How to Set Up an Experiment Environment for Data-Driven Product Development

As a product owner, it is common to face the question of whether to proceed with option A or option B. Or, which version of the screen should be implemented to achieve better results? Making such decisions can be challenging, especially when you are under tight deadlines with limited resources. Furthermore, such decisions are made based on personal judgment or copying the approach of a competitor, which can lead to suboptimal results.

The good news is that one can avoid such pitfalls by setting up a simple experiment environment that requires relatively low effort. In this article, we will describe how you can achieve this.

Why setting up an experiment environment is important.
Myths
Setting up your experiment environment
- Defining the goal of your future experiment
- Designing the architecture of your experiment environment
- Analyzing and interpreting results
- Scaling up the preferred option.
Conclusion.

Why is Setting Up an Experiment Environment Important?

Setting up an experiment environment is important for two reasons:

Firstly, it allows you to make sure that once you implement new functionality, you pick the best option based on a data-driven approach.
Secondly, it allows you to continuously improve the existing functionality of your product by comparing ‘as-is’ to hypothetical ‘to-be’ options and doing a ‘what if’ analysis.

Myths

Before we proceed to the approach, let us debunk some of the myths that usually misguide product owners:

I need a lot of resources to set up a complex environment that allows doing experiments and A/B tests

Wrong: Described approach takes less than one week of your software engineer’s resources.

I need a well-established data gathering process and detailed event tracking

Wrong: You can rely on an existing database that stores information about the lifecycle of your product’s main entity. For instance, order statuses if you are a delivery service.
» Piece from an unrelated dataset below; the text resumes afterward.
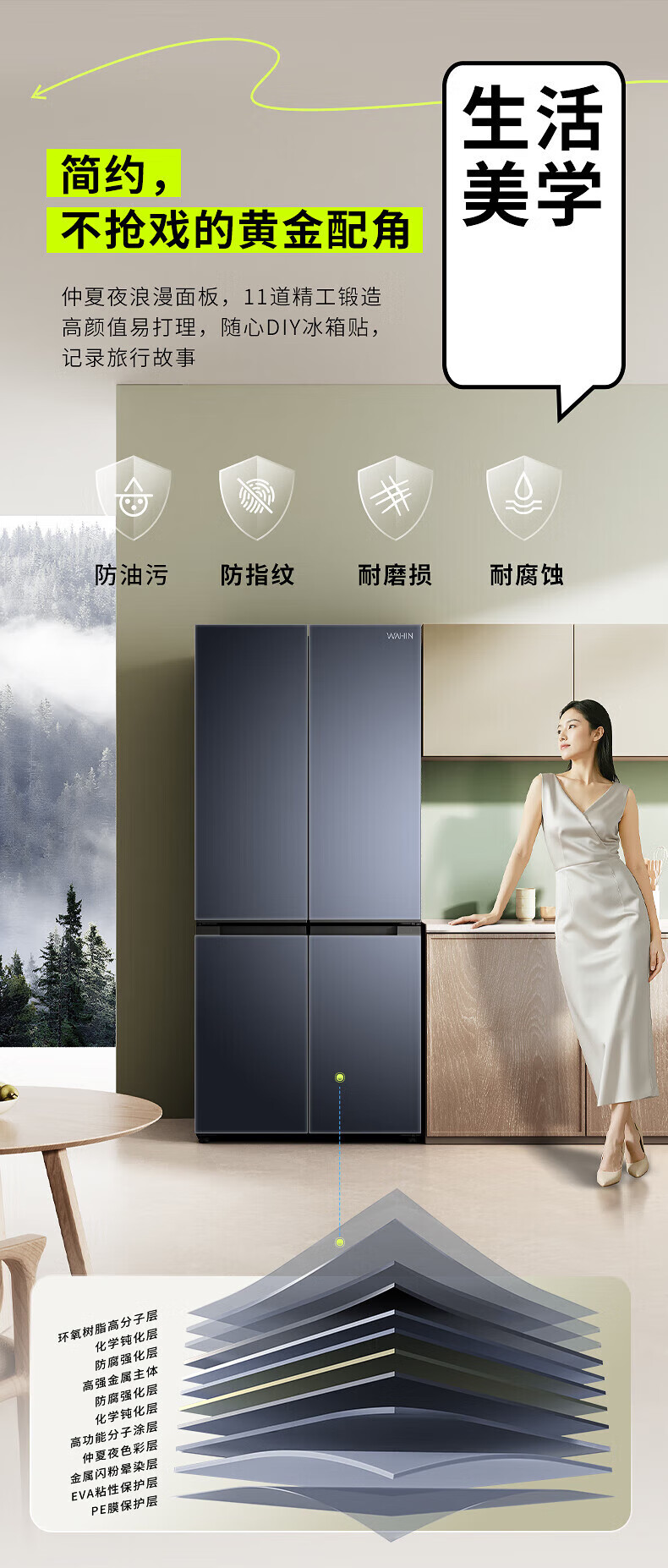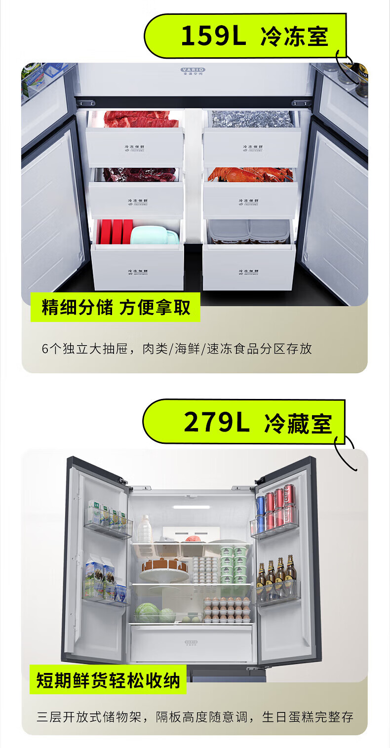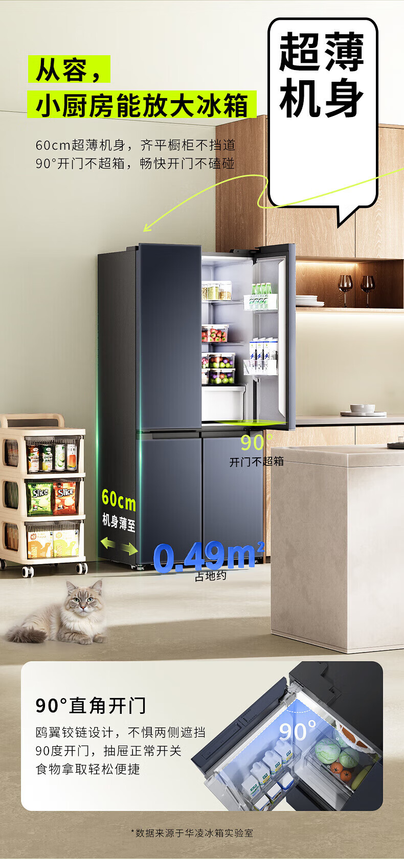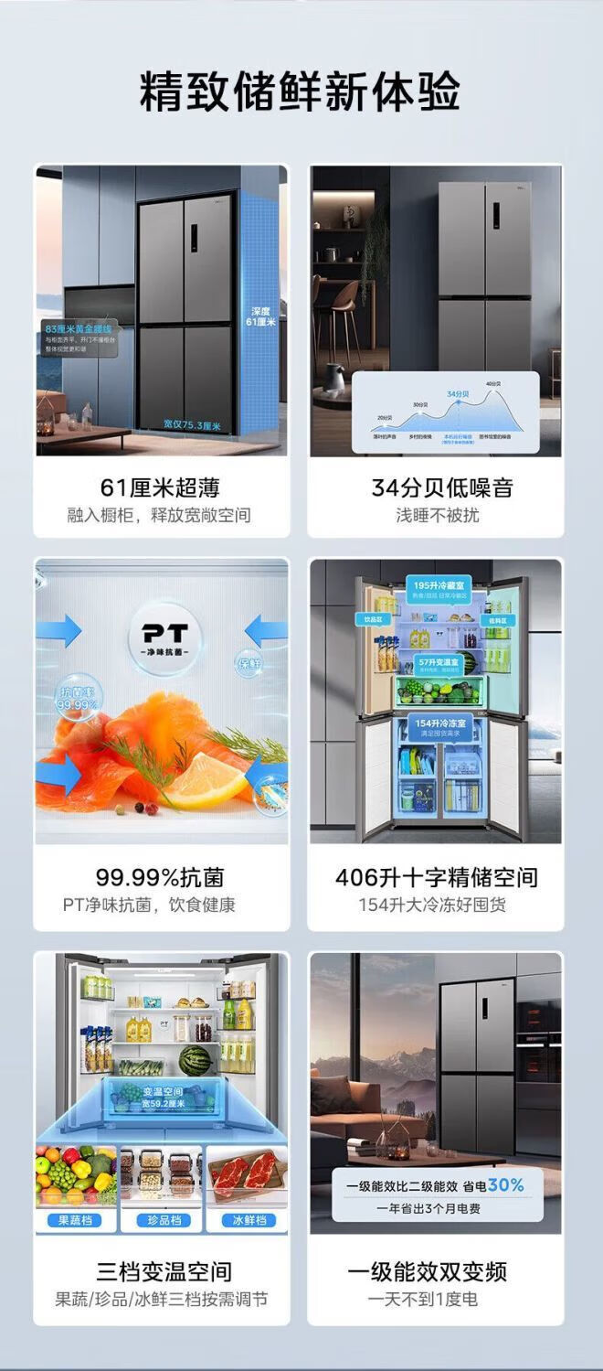 美的集团出品冰箱482升 双变频 风冷无霜 一级能效 双门四门 法式多门对开门超薄嵌入节能省电商用冰箱 406升一级超潜可嵌入式【美的出品华凌】 京仓就近速发 致快当日达

I need a dedicated team of analysts that will handle my requests on a daily basis

Wrong: Once you understand the approach and metrics of your experiment, you can pull data by yourself regularly using a simple SQL query.

Approach

To set up your experiment environment, one is advised to follow these steps:

1. Define the goal of your future experiment, understand the options, and choose metrics

Before you reach out to your product designer, define the goals and metrics to be measured as part of your experiment. In the case of a classic 'Option A or Option B' question, it is usually straightforward what you want to achieve by implementing a change. For instance, you might be addressing a specific part of the funnel.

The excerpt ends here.